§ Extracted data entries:
== Segment start ==

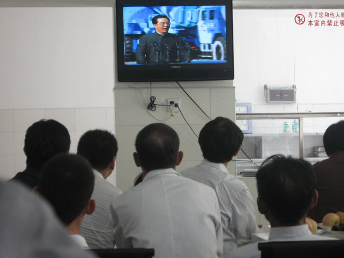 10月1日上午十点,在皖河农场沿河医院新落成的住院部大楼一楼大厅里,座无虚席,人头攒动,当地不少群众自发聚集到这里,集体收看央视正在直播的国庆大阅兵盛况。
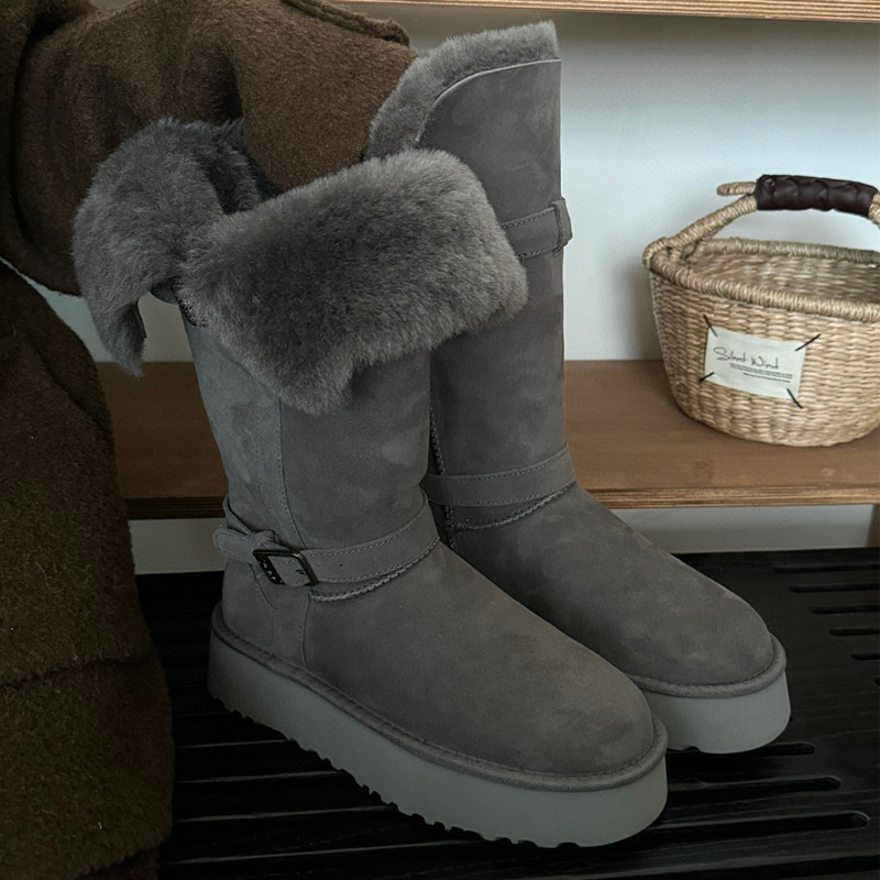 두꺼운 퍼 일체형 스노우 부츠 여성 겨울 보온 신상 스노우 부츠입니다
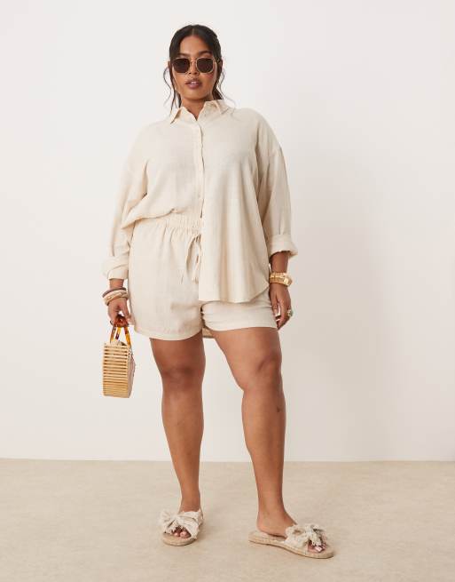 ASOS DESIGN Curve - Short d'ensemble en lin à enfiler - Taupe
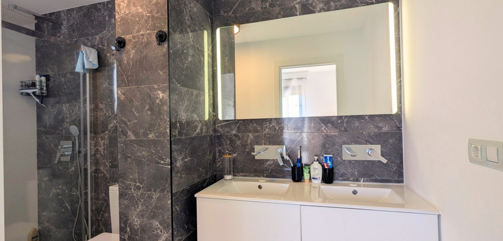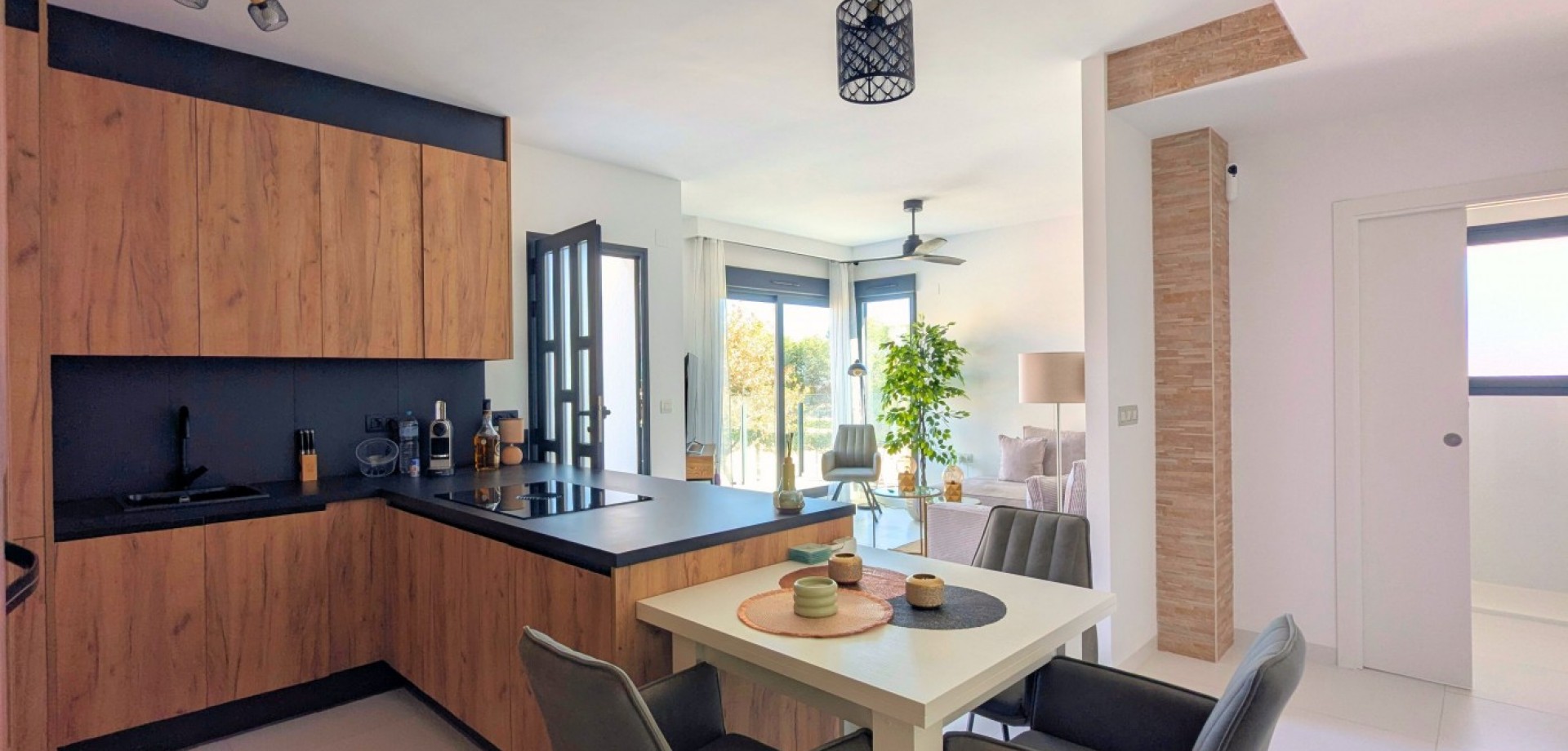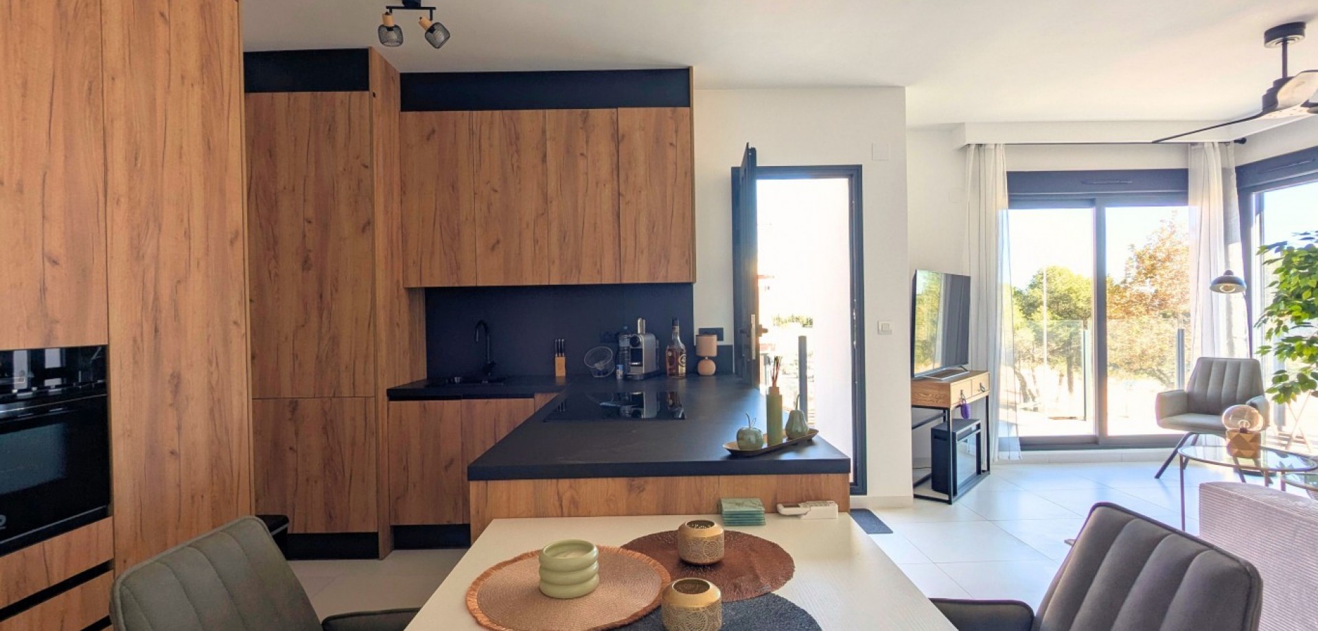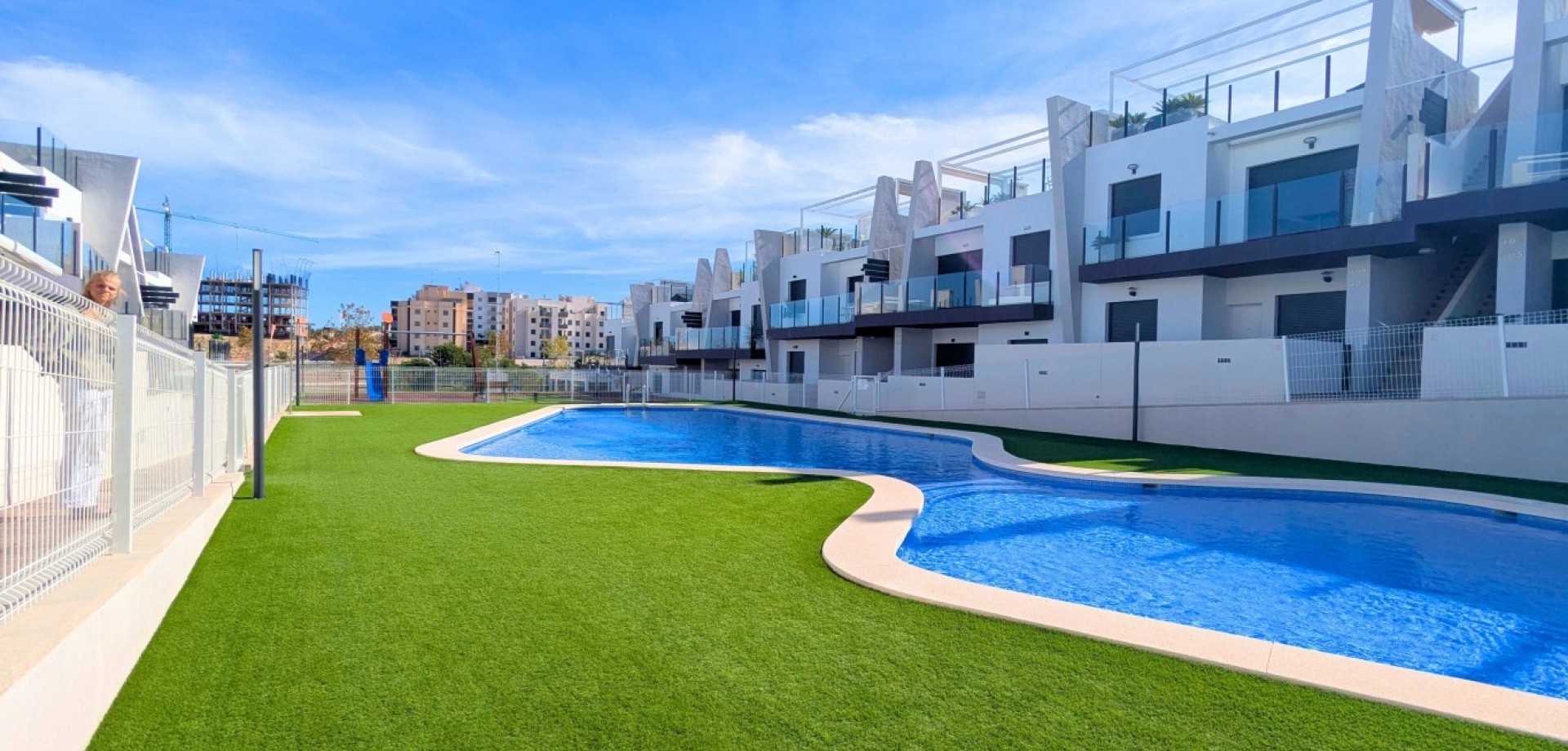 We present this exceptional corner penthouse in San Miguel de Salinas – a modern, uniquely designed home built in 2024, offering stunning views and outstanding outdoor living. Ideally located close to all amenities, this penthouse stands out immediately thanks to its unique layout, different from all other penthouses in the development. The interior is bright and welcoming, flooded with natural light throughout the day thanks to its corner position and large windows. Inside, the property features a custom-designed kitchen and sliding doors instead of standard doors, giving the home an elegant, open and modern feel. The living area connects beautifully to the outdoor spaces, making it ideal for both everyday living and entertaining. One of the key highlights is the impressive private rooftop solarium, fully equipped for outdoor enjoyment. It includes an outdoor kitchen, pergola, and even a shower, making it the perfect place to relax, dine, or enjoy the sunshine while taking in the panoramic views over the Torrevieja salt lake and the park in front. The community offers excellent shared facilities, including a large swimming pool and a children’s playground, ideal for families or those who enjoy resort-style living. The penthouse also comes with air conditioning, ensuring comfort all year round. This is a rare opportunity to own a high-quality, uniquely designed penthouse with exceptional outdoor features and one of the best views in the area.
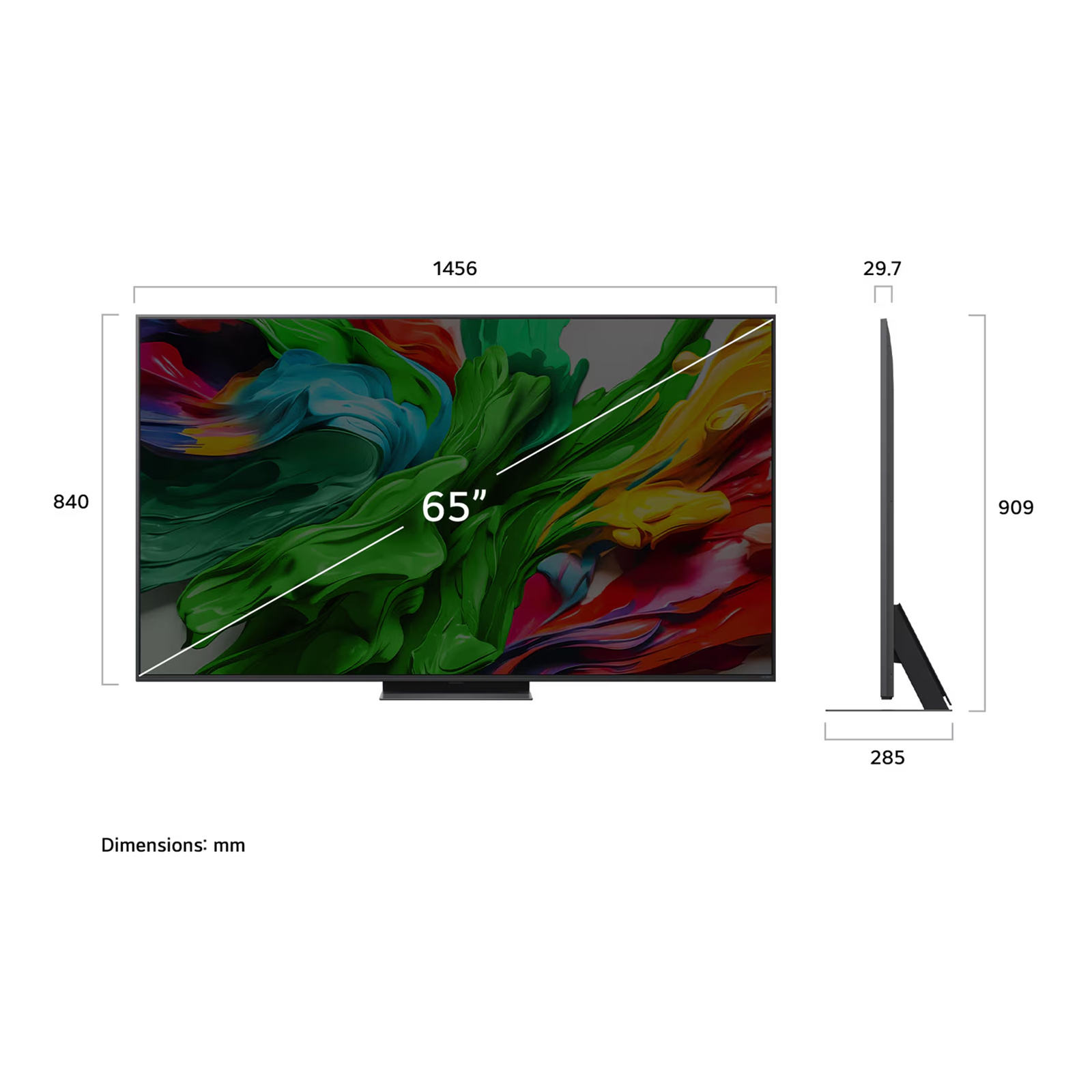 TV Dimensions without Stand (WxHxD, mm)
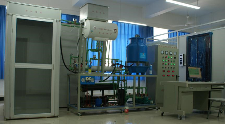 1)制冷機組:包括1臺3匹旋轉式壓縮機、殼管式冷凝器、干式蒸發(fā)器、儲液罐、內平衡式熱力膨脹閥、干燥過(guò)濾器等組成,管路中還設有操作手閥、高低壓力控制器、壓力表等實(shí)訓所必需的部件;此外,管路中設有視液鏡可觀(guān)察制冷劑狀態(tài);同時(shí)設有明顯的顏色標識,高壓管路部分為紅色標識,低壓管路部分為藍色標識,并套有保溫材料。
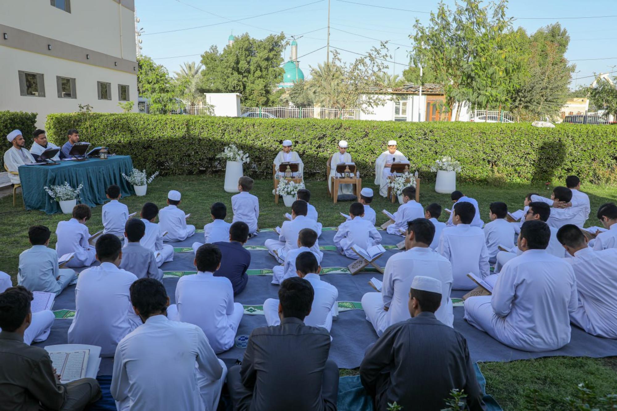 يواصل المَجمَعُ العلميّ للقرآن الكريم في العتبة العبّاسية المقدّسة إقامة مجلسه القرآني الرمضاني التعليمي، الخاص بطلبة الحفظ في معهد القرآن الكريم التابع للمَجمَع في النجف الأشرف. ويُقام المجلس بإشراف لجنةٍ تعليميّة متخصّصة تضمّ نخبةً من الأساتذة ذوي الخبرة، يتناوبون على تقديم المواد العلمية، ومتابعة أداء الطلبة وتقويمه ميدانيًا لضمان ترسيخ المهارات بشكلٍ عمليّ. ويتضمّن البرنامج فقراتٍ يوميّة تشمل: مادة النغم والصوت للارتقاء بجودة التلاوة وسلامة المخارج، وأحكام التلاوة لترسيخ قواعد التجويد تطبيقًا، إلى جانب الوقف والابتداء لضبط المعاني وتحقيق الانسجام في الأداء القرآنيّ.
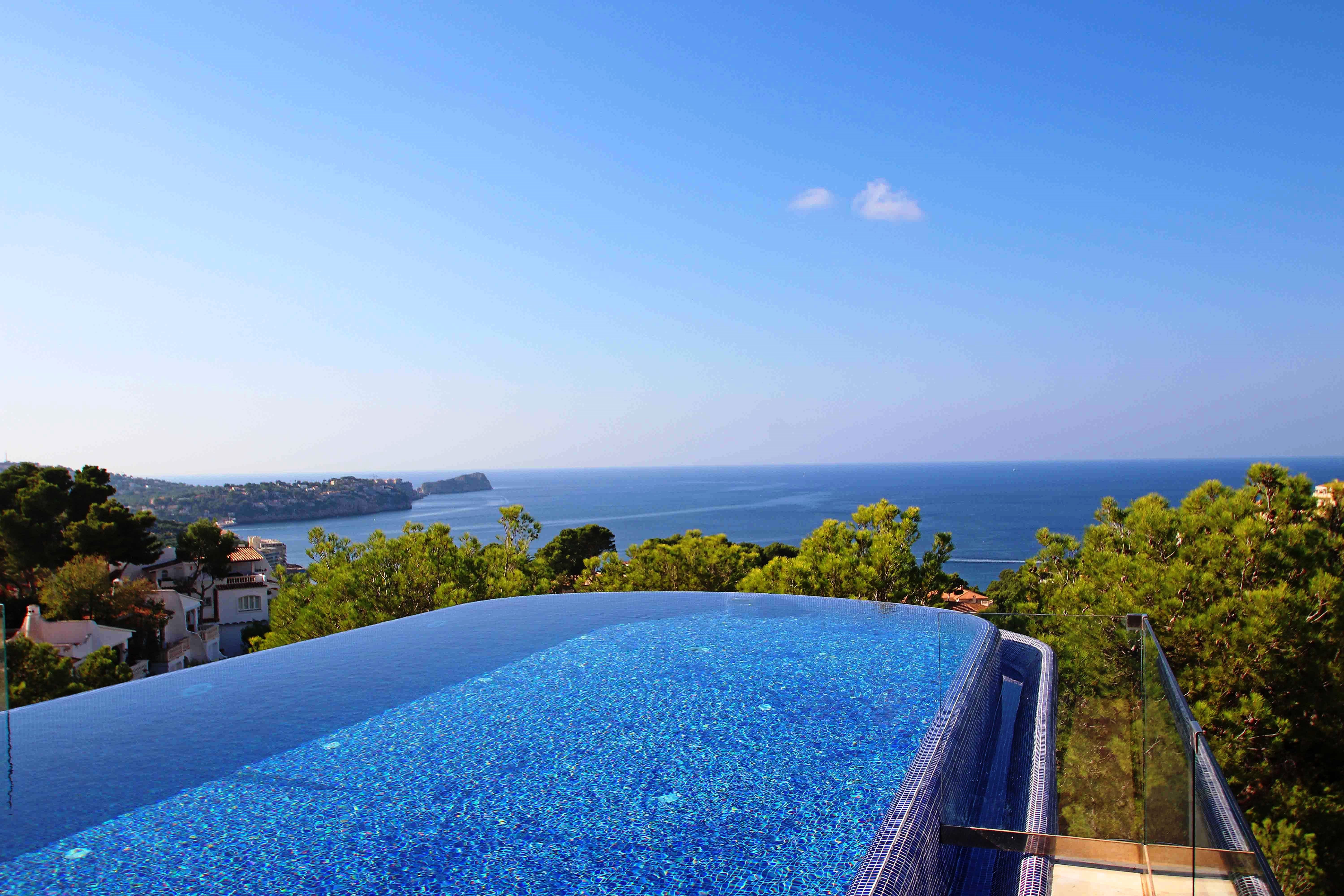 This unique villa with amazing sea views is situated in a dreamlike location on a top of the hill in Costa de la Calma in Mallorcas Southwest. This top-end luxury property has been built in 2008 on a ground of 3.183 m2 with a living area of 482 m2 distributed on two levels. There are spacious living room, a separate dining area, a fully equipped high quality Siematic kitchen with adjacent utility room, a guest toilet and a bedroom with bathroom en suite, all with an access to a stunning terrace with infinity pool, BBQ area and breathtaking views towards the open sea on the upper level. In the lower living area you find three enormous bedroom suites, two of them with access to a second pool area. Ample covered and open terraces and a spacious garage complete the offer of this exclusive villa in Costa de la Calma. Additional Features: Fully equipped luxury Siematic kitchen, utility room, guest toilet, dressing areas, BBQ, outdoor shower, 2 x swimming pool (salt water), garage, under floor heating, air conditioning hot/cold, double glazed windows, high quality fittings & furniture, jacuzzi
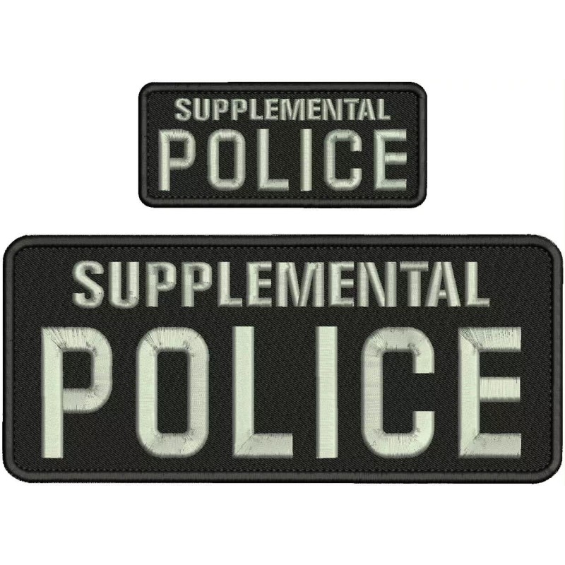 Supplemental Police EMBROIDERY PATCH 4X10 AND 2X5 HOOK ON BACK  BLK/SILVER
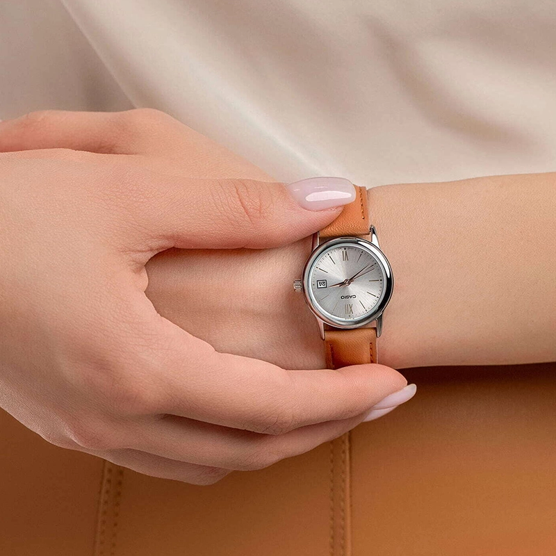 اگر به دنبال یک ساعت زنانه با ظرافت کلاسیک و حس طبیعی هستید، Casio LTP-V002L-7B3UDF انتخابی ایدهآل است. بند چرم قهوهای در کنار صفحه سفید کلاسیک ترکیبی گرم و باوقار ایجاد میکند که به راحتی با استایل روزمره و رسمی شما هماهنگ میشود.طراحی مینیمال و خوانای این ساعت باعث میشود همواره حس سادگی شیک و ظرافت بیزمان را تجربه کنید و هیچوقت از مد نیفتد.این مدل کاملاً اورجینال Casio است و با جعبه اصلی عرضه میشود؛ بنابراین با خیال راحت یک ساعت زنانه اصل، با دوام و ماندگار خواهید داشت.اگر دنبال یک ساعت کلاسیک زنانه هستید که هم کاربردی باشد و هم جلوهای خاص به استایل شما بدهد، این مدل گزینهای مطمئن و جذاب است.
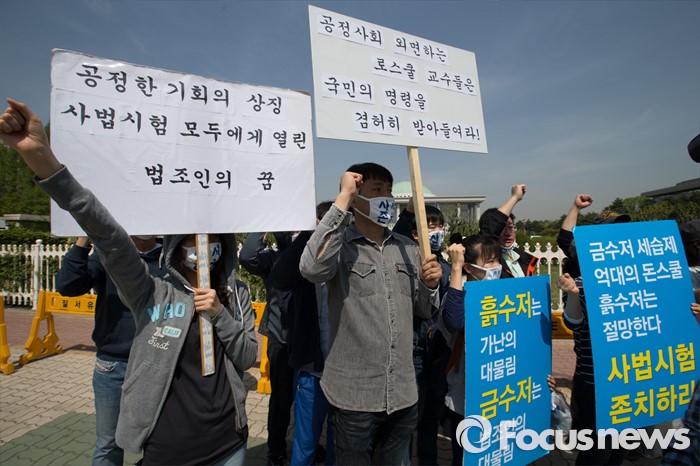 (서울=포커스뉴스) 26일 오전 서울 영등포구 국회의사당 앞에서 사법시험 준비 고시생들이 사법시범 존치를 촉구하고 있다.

== Segment end ==

§ TASK DESCRIPTION:
Beginning with the first line of the records above, extract each line exactly through the line that holds "ASOS DESIGN Curve", both ends included. Omit pictures.

§ EXERCISE RESULT:
 10月1日上午十点,在皖河农场沿河医院新落成的住院部大楼一楼大厅里,座无虚席,人头攒动,当地不少群众自发聚集到这里,集体收看央视正在直播的国庆大阅兵盛况。
 두꺼운 퍼 일체형 스노우 부츠 여성 겨울 보온 신상 스노우 부츠입니다
 ASOS DESIGN Curve - Short d'ensemble en lin à enfiler - Taupe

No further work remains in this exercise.